Adding OMEX support:

There are several Java libraries available to work with the omex archive. After discussing with my mentors, we decided to work with CombineArchive SEMS package. Using this package, I can read an omex file, extract the required information from the metadata file such as the location of SED-ML file, SBML model etc. Once I have the location for SED-ML and SBML, the rest of the process is simply handled by existing routines of the simulation library. A simple example code to do this should look as follows:

// read omex archive from location file
OMEXArchive archive = new OMEXArchive(new File(file));
if(archive.containsSBMLModel() && archive.containsSEDMLDescp()) {
// Execute SED-ML file and run simulations
	SEDMLDocument doc = Libsedml.readDocument(archive.getSEDMLDescp());
	SedML sedml = doc.getSedMLModel();

	Output wanted = sedml.getOutputs().get(0);
	SedMLSBMLSimulatorExecutor exe = new SedMLSBMLSimulatorExecutor(sedml, wanted, null);

	Map<AbstractTask, IRawSedmlSimulationResults> res = exe.runSimulations();
	if ((res == null) || res.isEmpty() || !exe.isExecuted()) {
		fail ("Simulatation failed: " + exe.getFailureMessages().get(0).getMessage());
	}
			
	for (IRawSedmlSimulationResults re: res.values()) {
		// do something with results
	}
}
		
// close the file object
archive.close();

In addition to a simple example, a JUnit test to check the feature was also added in src/test/java.

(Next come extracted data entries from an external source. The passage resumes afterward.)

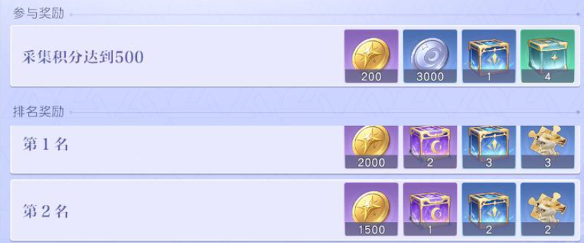 而在玩法当中大家可以建议开启竞赛之后再集中再去进行采集,这样的话还可以达到活动参与奖励,当前参与此类竞赛效果里面会分为个人版以及团队参与版,不同的参与版本对于当前大家的状态是有要求的,如果大家是在组队的过程当中看到这个竞赛的话,可以参与的是小队版本的竞赛,而当前是个人在采集的话,可以参与的是个人的竞赛版本,而在规定时间之内采集的数量最多的队伍或者是玩家,在这里可以获取到奖励说明是根据当前的排名进行奖励发放,每天给到的奖励都是一样的,但是在其中这个奖励是非常有用的,其中有非常多的采集材料,所以不喜欢慢慢的收集,大家就可以参与这个活动,其中的各类采集材料通过活动直接一次性通过宝箱送给大家,所以这个竞赛每天一次的开放时间大家还是可以摸索出来,让自己获取到更多的采集资源的。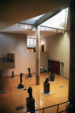 勒•柯布西耶(Le Corbusier、1887-1965)出生于瑞士,是一名活躍于法國的建築家,和弗蘭克•勞埃德•賴特、密斯•凡•德•羅一起被稱為近代建築的三大巨匠。他的作品運用鋼筋混凝土、排斥傳統的裝飾性、是所謂的現代主義建築的第一人。他在作品中采用多米諾系統僅通過樓板、柱子、樓梯等構成,作為新建築5個要素是具備底層架空空間、屋頂花園、自由的平面、水平連續的窗戶和自由的立面。國立西洋美術館是他的後期作品,在完成著名的《朗香教堂》(1955)之後,緊接著著手設計的。實施設計由後來成為他弟子的前川國男•坂倉准三•吉阪隆正等負責。主樓1層的入口大廳是最能夠感受到勒•柯布西耶建築理念的空間。在這個被命名為《19世紀廳》的空間裏,展示著羅丹的雕塑作品群,也是西洋美術館的代表性的展廳。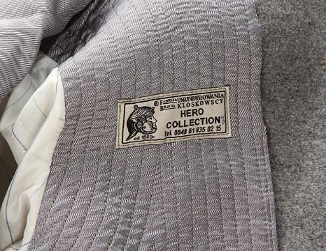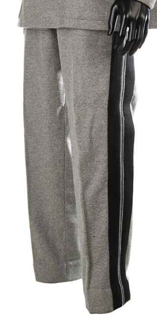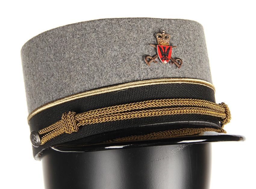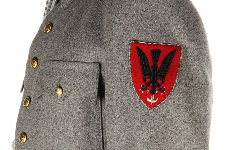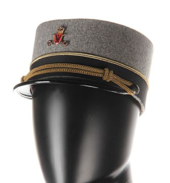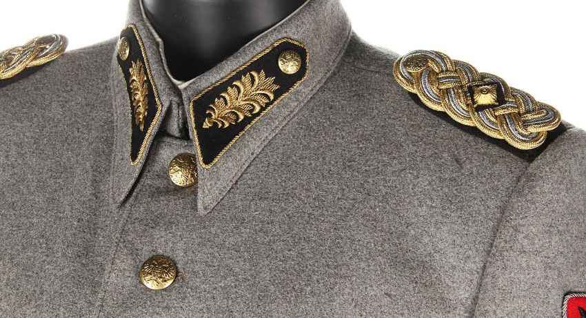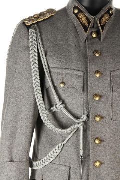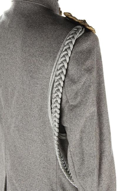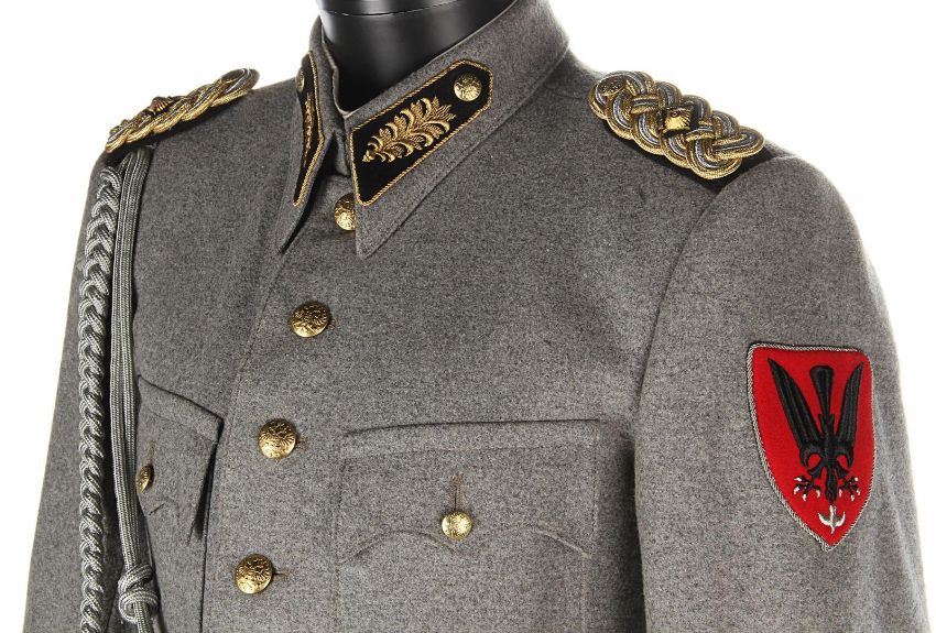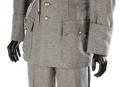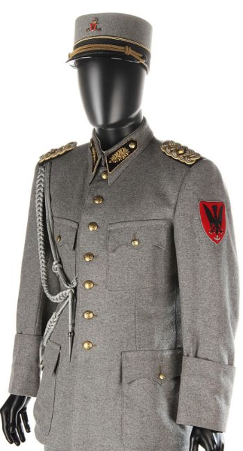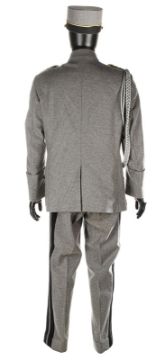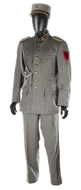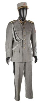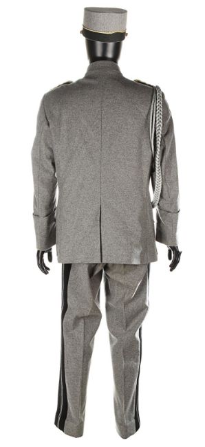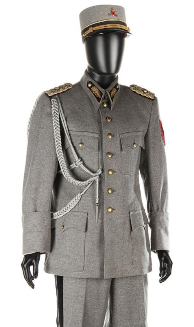 A ZZ Officer uniform from Wes Anderson’s Oscar®-winning comedy The Grand Budapest Hotel. When the Grand Budapest Hotel is commandeered as an army barracks, numbers of the high ranking ZZ officers are seen enjoying the luxurious surroundings. The costume consists of a grey woollen military jacket, trousers with black stripes and a rigid cap. The jacket features faux-silver and faux-gold epaulettes, embroidered collar tabs, faux-silver braids and a red patch on the left arm above a removable black ZZ armband. The grey cap has a black vinyl peak, faux- gold braid and a red shield badge to match the jacket. The jacket is marked size 'W54', the trousers 'W59 x d96' and the cap is marked size '57'. The costume remains in very good condition. VAT Status - DAGGER TRIANGLE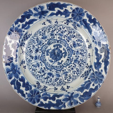 En meget stor kinesisk blå og hvid 'Romance of the Western Chamber'-flise

Let me know if any questions.

 

#12 GSoC’18 – Finding closet simulation algorithm

I slightly moved away from the proposed work this week. Currently, SBSCL supports following simulation algorithms:

final static String[] SUPPORTED_KISAO_IDS = new String[] {

  "KISAO:0000033",  // Rosenbrock method
  "KISAO:0000030",  // Euler forward method
  "KISAO:0000087",  // Dormand-Prince method
  "KISAO:0000088",  // LSODA
  "KISAO:0000019"   // CVODE
};

Although these simulation techniques cover a wide array, they still don’t cover all of them. For example, the SED-ML test file parameter-scan-2D given in the official SED-ML specification requires KIASO:0000282 which is not supported by simulation core.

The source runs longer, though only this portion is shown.